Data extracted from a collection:
————

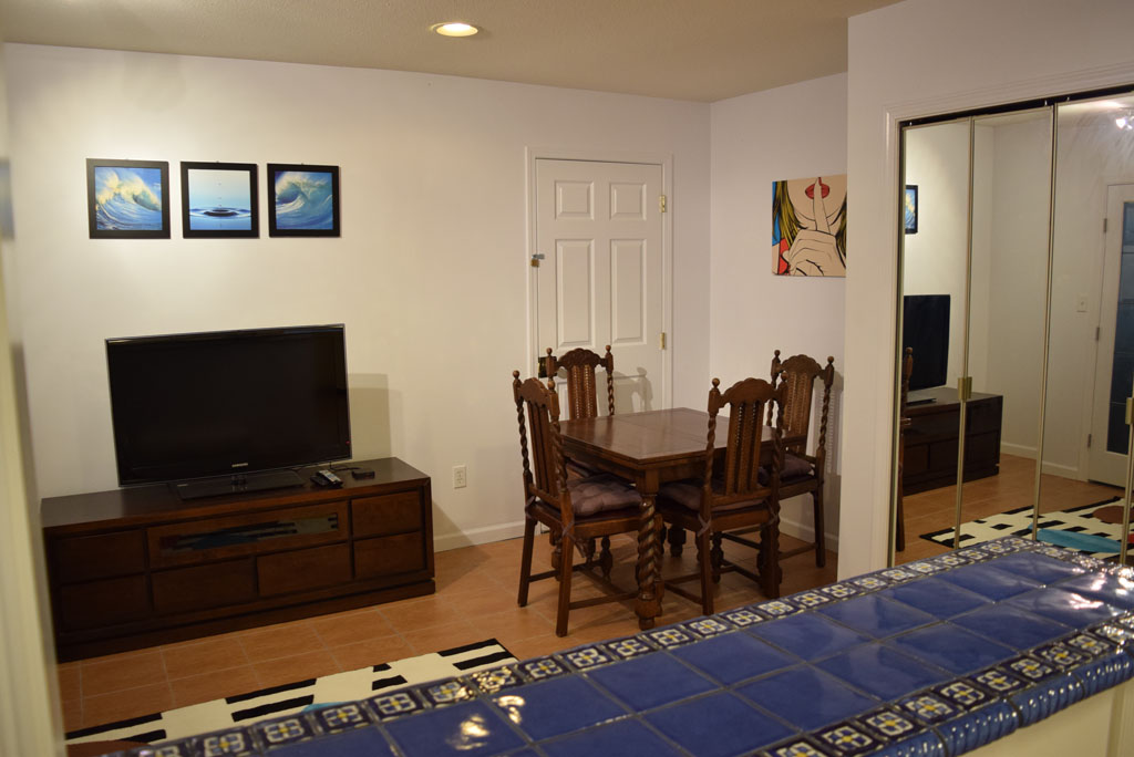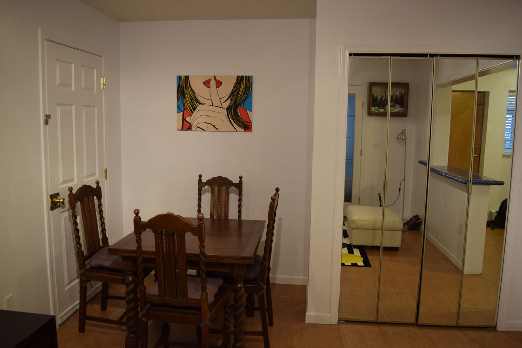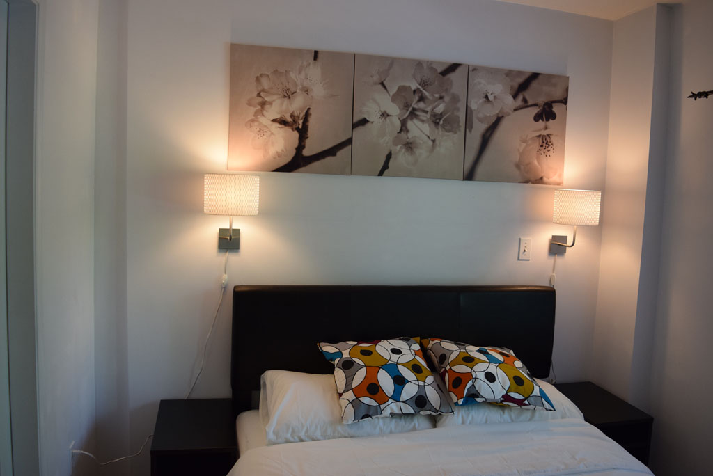 The unit has a living room, kitchen, and bathroom in suite. The bedroom 1 has a queen size bed, nightstand, desk and a wardrobe; the bedroom 2 has a queen size bed, nightstand, closet and drawers. The space measures 800 ft² approximately.
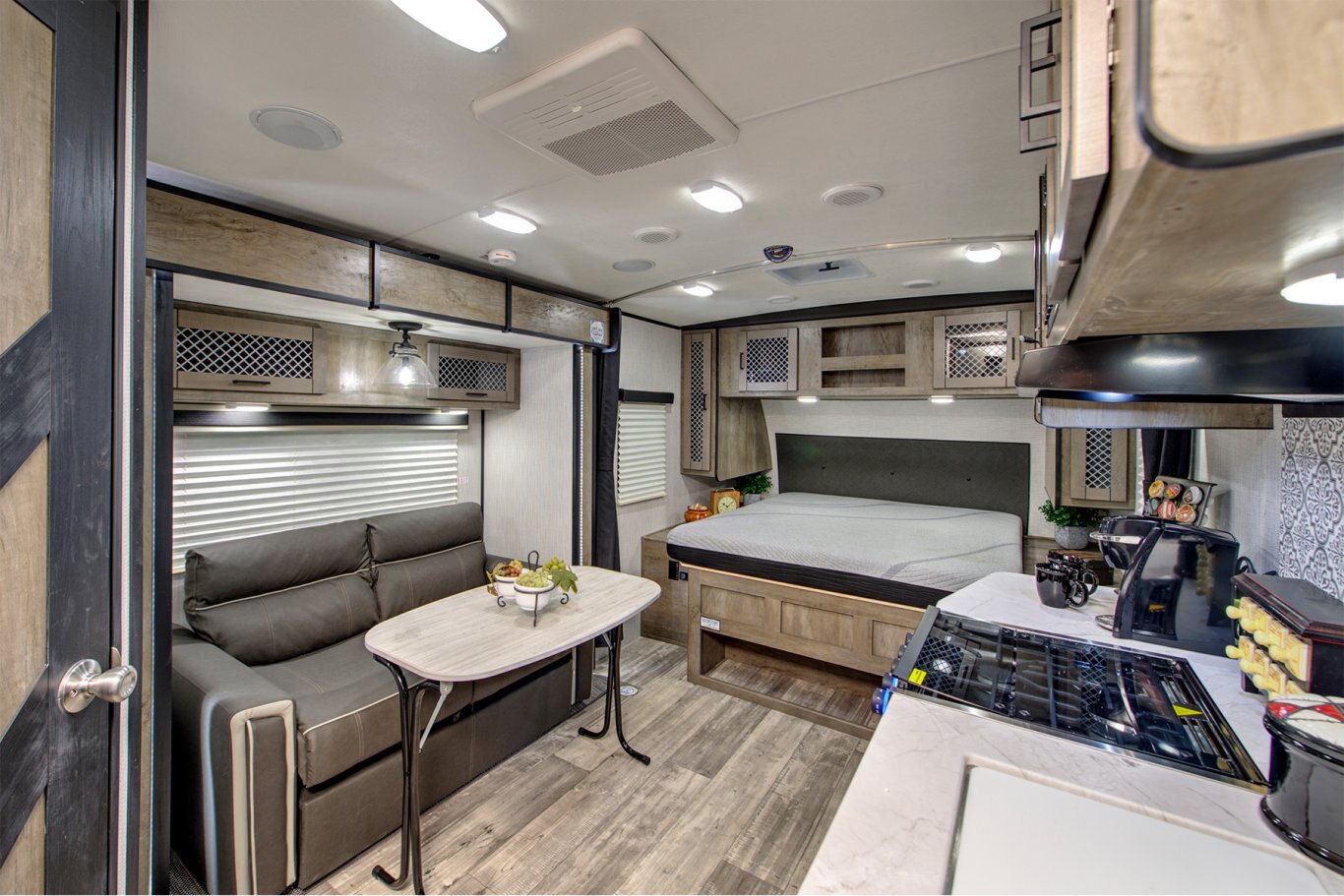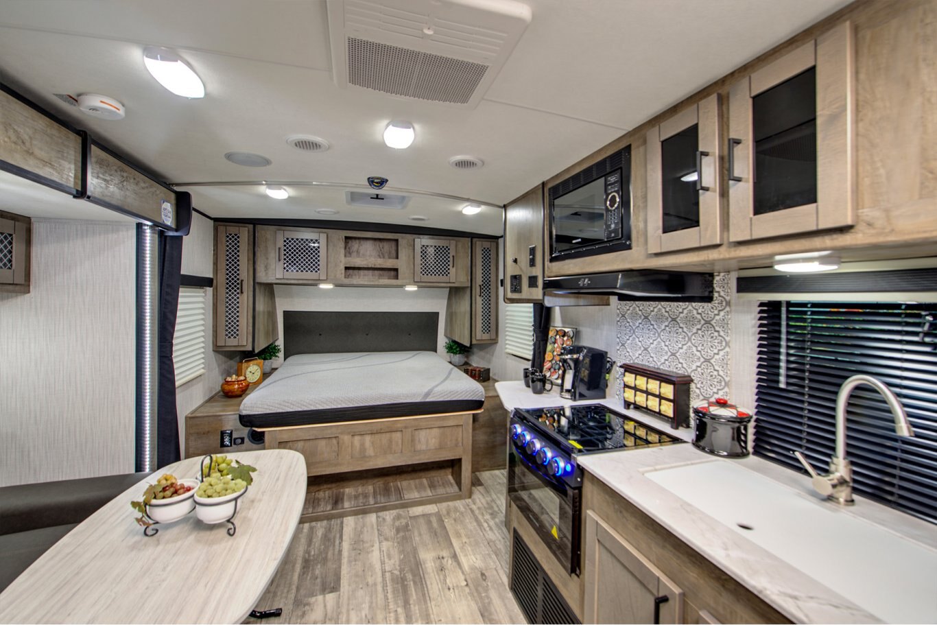 INTERIOR FEATURES Blackout roller shades in main slideout and bedroom (where applicable) Butcher block style kitchen countertops Stainless steel appliances Value hide – E – center with hidden valuable storage area (most models) Comfort select 72” x 80” gel infused residential king bed mattress Monitor panel in bathroom Dual ducted AC Gas/Electric DSI quick recovery water heater WiFi prep Upgraded & overstuffed residential furniture Cable TV prep Bluetooth Capable FM Radio with HDMI pass through TV antenna with booster Designer accent walls LED lights Residential interior doors *Some models produced in our Idaho facility may vary from specs identified
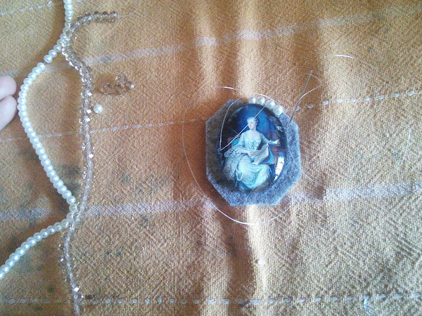 Pegamos el carbujón con nuestra hermosa dama al fieltro y, tras esperar a que se fije bien, empezaremos a coser con cuidado las perlitas de 4 mm. alrededor del carbujón.
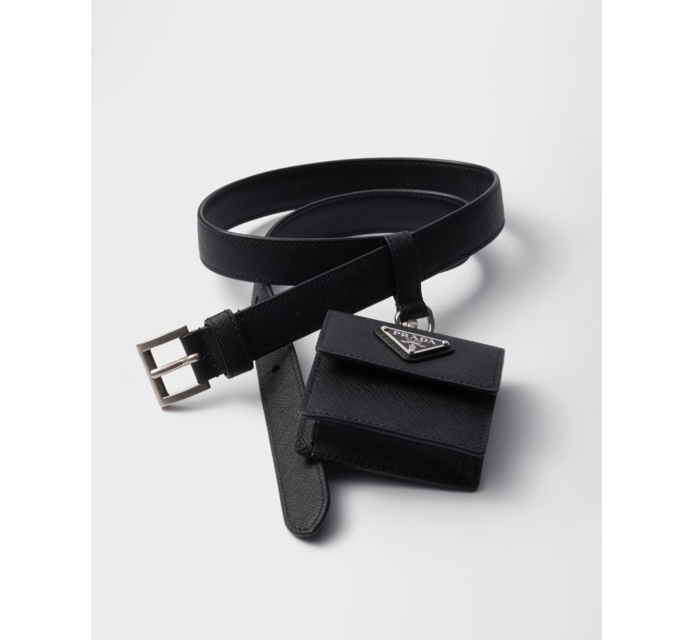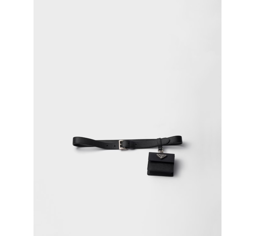 사피아노 가죽 소재의 세련되고 다재다능한 벨트는 세련된 디자인에 탈부착 가능한 미니 파우치가 더해져 더욱 풍성한 매력을 선사합니다. 에나멜 처리된 메탈 삼각형 로고는 시그니처 감성을 더하며, 현대적인 우아함을 더합니다.
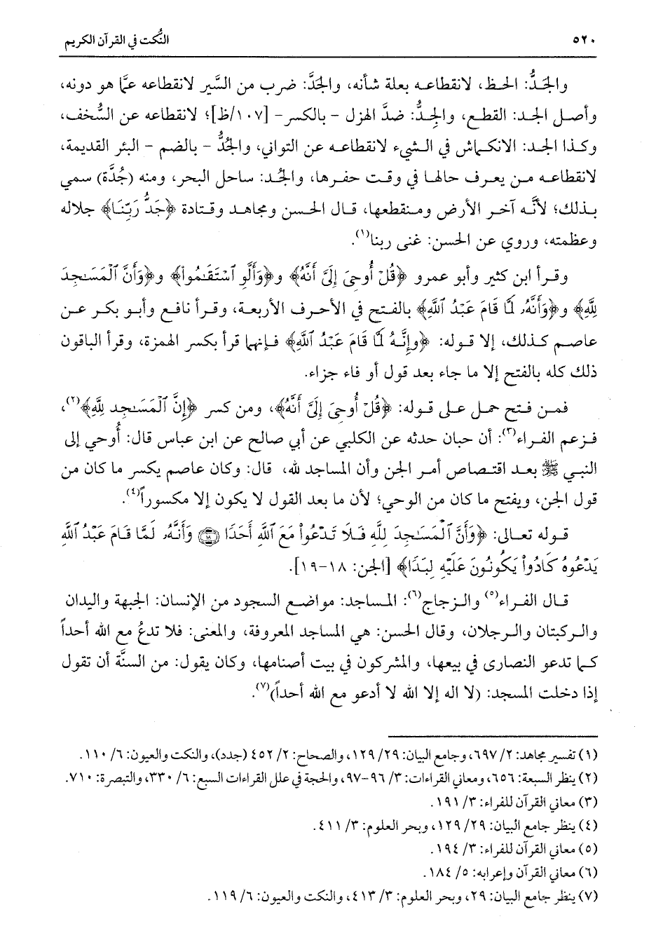 وقرأ ابن كثير وأبو عمرو {قُلْ أُوحِيَ إِلَيَّ أَنَّهُ} و {وَأَلَّوِ اسْتَقَامُوا} و {وَأَنَّ الْمَسَاجِدَ لِلَّهِ} و {وَأَنَّهُ لَمَّا قَامَ عَبْدُ اللَّهِ} بالفتح في الأحرف الأربعة، وقرأ نافع وأبو بكر عن عاصم كذلك، إلا قوله: {وَأَنَّهُ لَمَّا قَامَ عَبْدُ اللَّهِ} فإنها قرأ بكسر الهمزة، وقرأ الباقون ذلك كله بالفتح إلا ما جاء بعد قول أو فاء جزاء.

————

* EXERCISE AIM
Leaving the pictures out, set down all of the data again exactly.

* TASK RESPONSE
 The unit has a living room, kitchen, and bathroom in suite. The bedroom 1 has a queen size bed, nightstand, desk and a wardrobe; the bedroom 2 has a queen size bed, nightstand, closet and drawers. The space measures 800 ft² approximately.
 INTERIOR FEATURES Blackout roller shades in main slideout and bedroom (where applicable) Butcher block style kitchen countertops Stainless steel appliances Value hide – E – center with hidden valuable storage area (most models) Comfort select 72” x 80” gel infused residential king bed mattress Monitor panel in bathroom Dual ducted AC Gas/Electric DSI quick recovery water heater WiFi prep Upgraded & overstuffed residential furniture Cable TV prep Bluetooth Capable FM Radio with HDMI pass through TV antenna with booster Designer accent walls LED lights Residential interior doors *Some models produced in our Idaho facility may vary from specs identified
 Pegamos el carbujón con nuestra hermosa dama al fieltro y, tras esperar a que se fije bien, empezaremos a coser con cuidado las perlitas de 4 mm. alrededor del carbujón.
 사피아노 가죽 소재의 세련되고 다재다능한 벨트는 세련된 디자인에 탈부착 가능한 미니 파우치가 더해져 더욱 풍성한 매력을 선사합니다. 에나멜 처리된 메탈 삼각형 로고는 시그니처 감성을 더하며, 현대적인 우아함을 더합니다.
 وقرأ ابن كثير وأبو عمرو {قُلْ أُوحِيَ إِلَيَّ أَنَّهُ} و {وَأَلَّوِ اسْتَقَامُوا} و {وَأَنَّ الْمَسَاجِدَ لِلَّهِ} و {وَأَنَّهُ لَمَّا قَامَ عَبْدُ اللَّهِ} بالفتح في الأحرف الأربعة، وقرأ نافع وأبو بكر عن عاصم كذلك، إلا قوله: {وَأَنَّهُ لَمَّا قَامَ عَبْدُ اللَّهِ} فإنها قرأ بكسر الهمزة، وقرأ الباقون ذلك كله بالفتح إلا ما جاء بعد قول أو فاء جزاء.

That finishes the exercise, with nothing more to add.